Maxine Syjuco (born December 1, 1984) is an artist, poet and model from Manila, Philippines. She is the youngest daughter of avant-garde artists Cesare Syjuco and Jean Marie Syjuco, and is the vocalist and songwriter of the experimental Art Rock band Jack of None.

Working mainly with photography, digital collage, painting and installation art, her work possesses an intimate, philosophical, and often twisted voice in storytelling. Manipulating faces, unveiling poignant surrealities, and probing into abandoned rooms of the subconscious, Maxine authors dark, thought-provoking introspections of the human condition and its fragility—conjuring a netherworld where ghostly images exist neither here nor there.

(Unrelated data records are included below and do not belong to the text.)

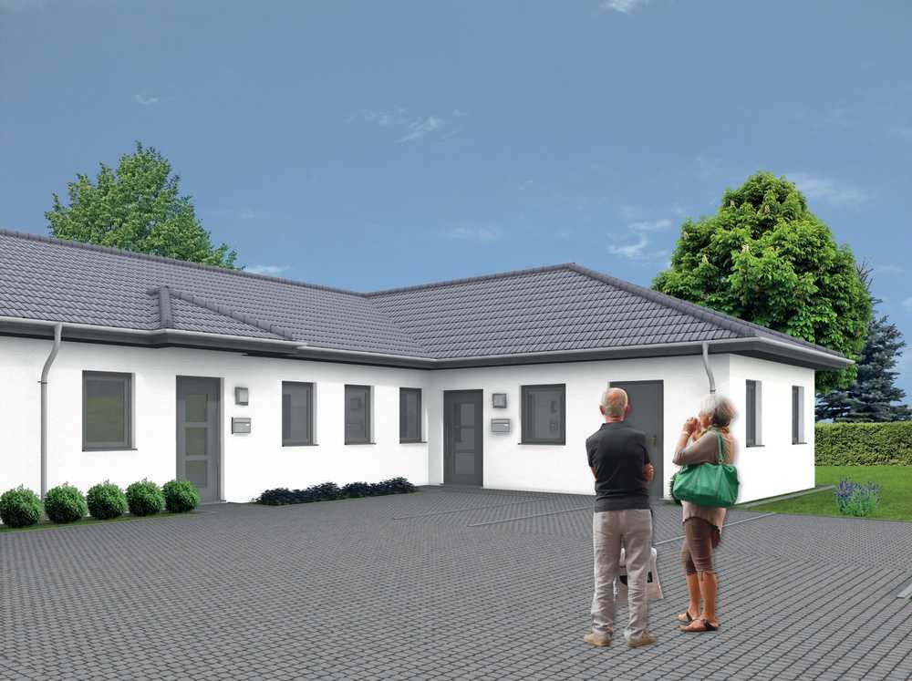 Immer wieder werden Kundenwünsche nach barrierefreiem Wohnen in angenehmer Hausgemeinschaft an uns herangetragen. Hier reihen sich vier Bungalows aneinander und bieten jungen wie älteren Menschen Platz zum Leben. Zu jedem Bungalow gehört eine Terrasse sowie ein eigener Gartenanteil. Die Innenausstattung können Sie sich im Rahmen der Bauleistungsbeschreibung selbst aussuchen. Eigenleistungen wie Maler- und Bodenarbeiten können eingebracht werden.
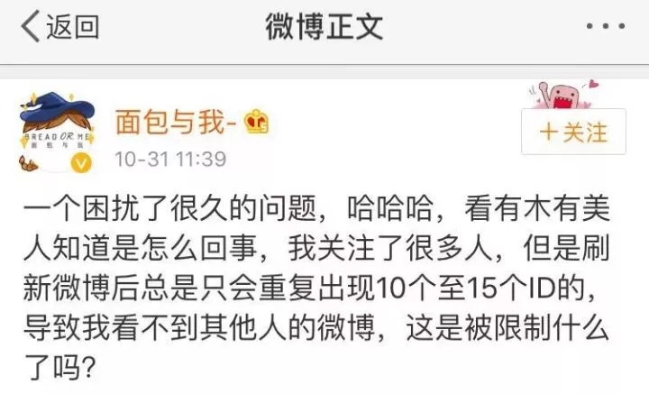 比如這位美食博主發(fā)現(xiàn),自己關(guān)注了很多人,但是刷新微博后總是只會重復(fù)出現(xiàn)10-15個(gè)ID的信息,導(dǎo)致看不到其他人的微博。
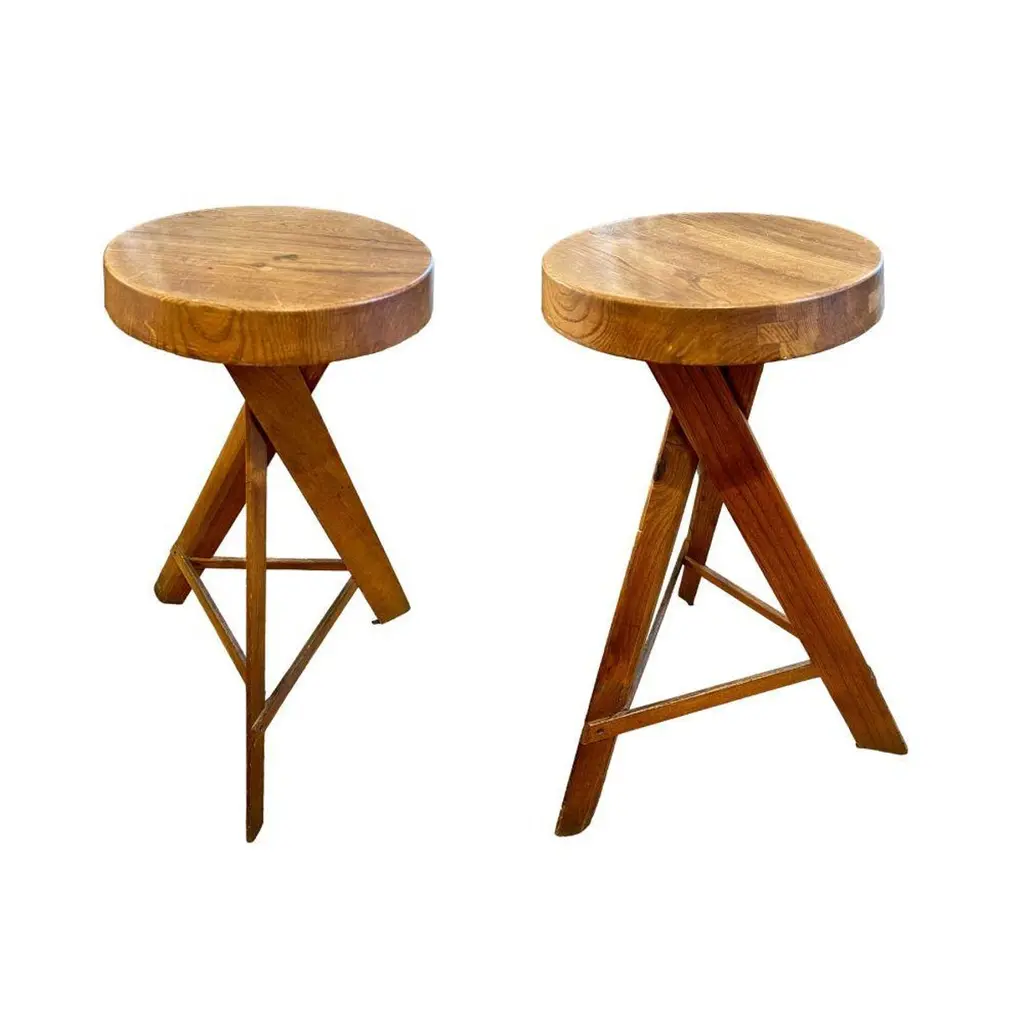 S31CH stool by Pierre Chapo in elm. Traces of wear on the base and scratches on the seat.Wear marks on base and scratches on seat.
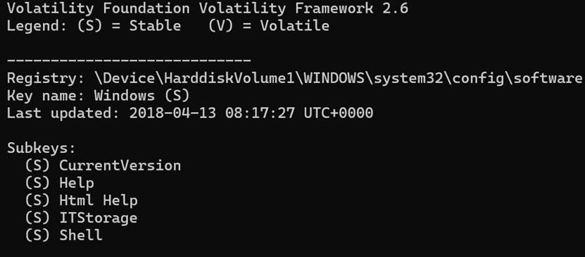 volatility.exe -f AdminNC.raw --profile=Win2003SP1x86 -o 0xe171b008 -K "Microsoft\Windows" printkey

Her first book of poetry, "A Secret Life," was published in 2008 and received critical acclaim. Her poems have been translated into Polish and French, and have seen print in several international anthologies including the Asia Literary Review, The Poet’s Guild Quarterly, Chopin with Cherries, and the 2011 Rhino International Poetry Anthology.

In 2016, she was awarded the Independent Music Award in New York City, U.S.A., for Best Album Art, Photography and Design. In the same competition, her band, Jack of None, received 2 category nominations (Best Spoken Word Song, and Best Album of the Year) for their debut album titled "Who's Listening to Van Gogh's Ear?".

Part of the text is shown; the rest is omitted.